Marc Herman has written a column giving people who want to have their state secede suggestions for how to mount a successful campaign.  Writing as someone who wants to have a particular piece of the US secede somewhere down the road [2] -- waiting until the time is ripe means more than 25 years out, less than 50 -- I think a few of his suggestions are good: make good economic arguments and avoid violence, for example.  One of the points Marc doesn't make is that on the side that's seceding, you need to be able to appeal to a broad spectrum of the population.  The American colonies had proponents of the revolution in both agricultural Virginia and industrial Massachusetts.  Given the timing of the petitions and all of the internet chatter, it seems safe to assume that the petitions represent "red" voters' displeasure with President Obama's reelection.  Let's see whether "unhappiness with the President's platform" meets the requirement for relatively broad support.

I'll use Georgia as an example of the problem that a secessionist would face.  Since the subject is approval/disapproval of the President's platform, start by considering the standard red-blue map of Georgia done at the county level.  Overall the state is predominantly red.  In a previous posting about cartograms, I noted (as have many, many others) that area isn't the same as people.  Moving down the maps, the red-blue cartogram in the next figure has scaled the counties by the number of votes cast for President last month.  The thing that really jumps out is the enormous expansion of the Atlanta metro area.  Outside of Atlanta the cartogram shows a lot of very small red counties and a smaller number of generally larger blue counties.  In short, President Obama appears to have done generally better in the more urban areas than he did in the rural areas.

The situation is even more interesting when we replace the simple red-blue coloring scheme with one that uses different shades of purple to represent the relative performance of the two candidates.  That is, a county in which President Obama received all of the votes would be blue, a county where Governor Romney received all the votes would be red, and one in which they split the vote evenly would be purple.  When you step back and look at this, the picture that emerges is one with urban areas in varying shades of purple, surrounded by much redder rural areas.  My interpretation (and as they say, your mileage may vary) is that there are thinly-populated rural areas where voters are strongly opposed to President Obama's platform, and urban areas where that platform has much stronger support -- a majority of voters in several sizable (by population) counties.

For someone who is serious about building a secession movement around dissatisfaction with the President, this is a problem.  The final gray-scale cartogram illustrates the aspect of the problem that I would be most concerned about.  In that map, both the size and the shade reflect the median household income in the county.  Counties with higher incomes are larger and lighter, counties with lower incomes are smaller and darker.  The spread is not nearly as pronounced as in the case of number of voters, but the overall pattern is still clear.  The Atlanta metro area is significantly richer than the rest of the state.
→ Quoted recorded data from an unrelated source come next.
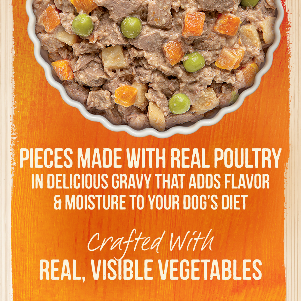 The first ingredient in Merrick Grain Free Wet Dog Food Grammy's Pot Pie is always real USDA-inspected deboned chicken. This real chicken dog food recipe also contains red jacket new potatoes, peas, carrots and red delicious apples to lend wholesome goodness and variety to your dog's menu. A savory dog food gravy made with chicken broth adds even more flavor and moisture to daily meals. To meet your dietary preferences, this grain free wet dog food with vegetables contains no artificial colors, flavors, preservatives or by-products. Use this Merrick moist dog food recipe as a topper for your dog's dry kibble, or serve it as a nutritious standalone meal. A convenient pull-tab can makes preparing your dog's meal quick and easy. Like all Merrick recipes, Grammy's Pot Pie was crafted in our Hereford, TX kitchen and cooked in the USA.Merrick Grain Free Wet Dog Food Grammy's Pot Pie- Real deboned chicken is the first ingredient- Grain free wet dog food also contains red jacket new potatoes, peas, carrots and red delicious apples- No artificial colors, flavors, preservatives or by-products- Dog food can features pull-tab for easy opening and fast serving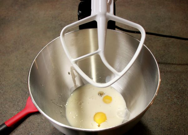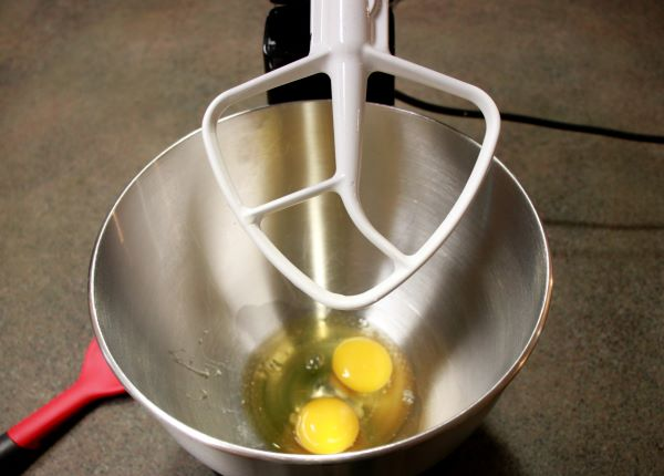 Now we start on the wet ingredients, lets start by adding them to a stand mixer so there is less cleaning up when we are done. Now add 2 eggs to the stand mixer.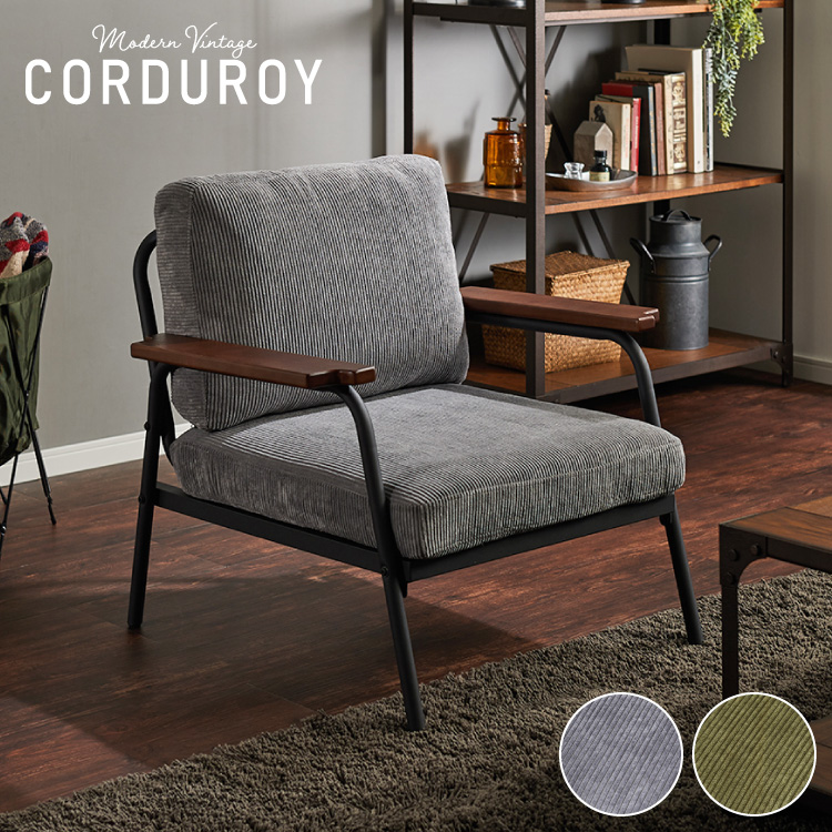 コーデュロイ×スチールの1人掛けソファ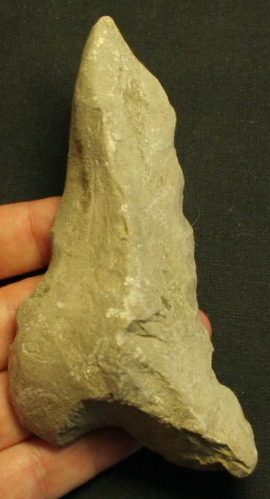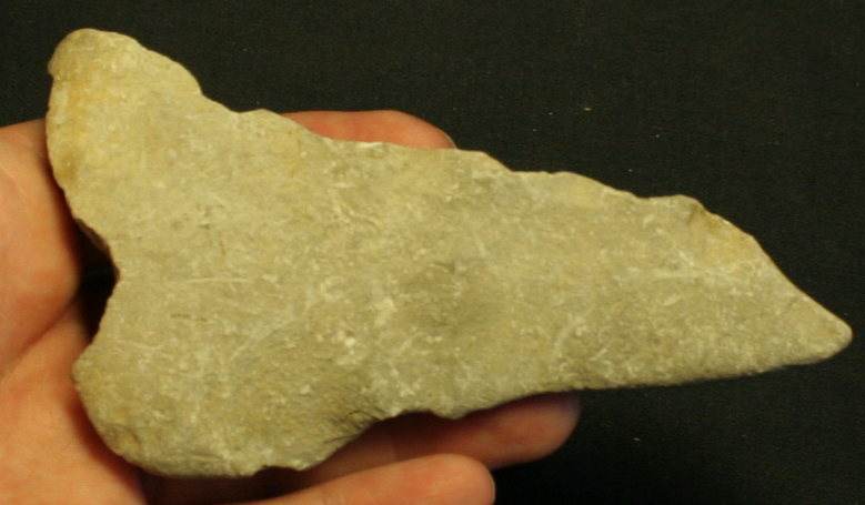 J'ai trouvé ce qui semble être un outil en forme de pointe en calcaire qui semble présenter des retouches en contexte paleo. A priori ce serait un racloir...

This shows up in a number of ways within Georgia's state government.  One that is easy to find is the state's education equalization fund.  Georgia's fund, like that in many states, broadly implements an urban-to-rural subsidy.

The state's wealth (hence power) is concentrated in areas where opposition to the President's platform is not going to be well-received as a cause for secession.  A different cause, one that benefits Atlanta, would be necessary.


[1] The signature counts were as of roughly November 20, 2012.

[2] I don't draw my likely division in the same place that most of the people writing about secession draw theirs either.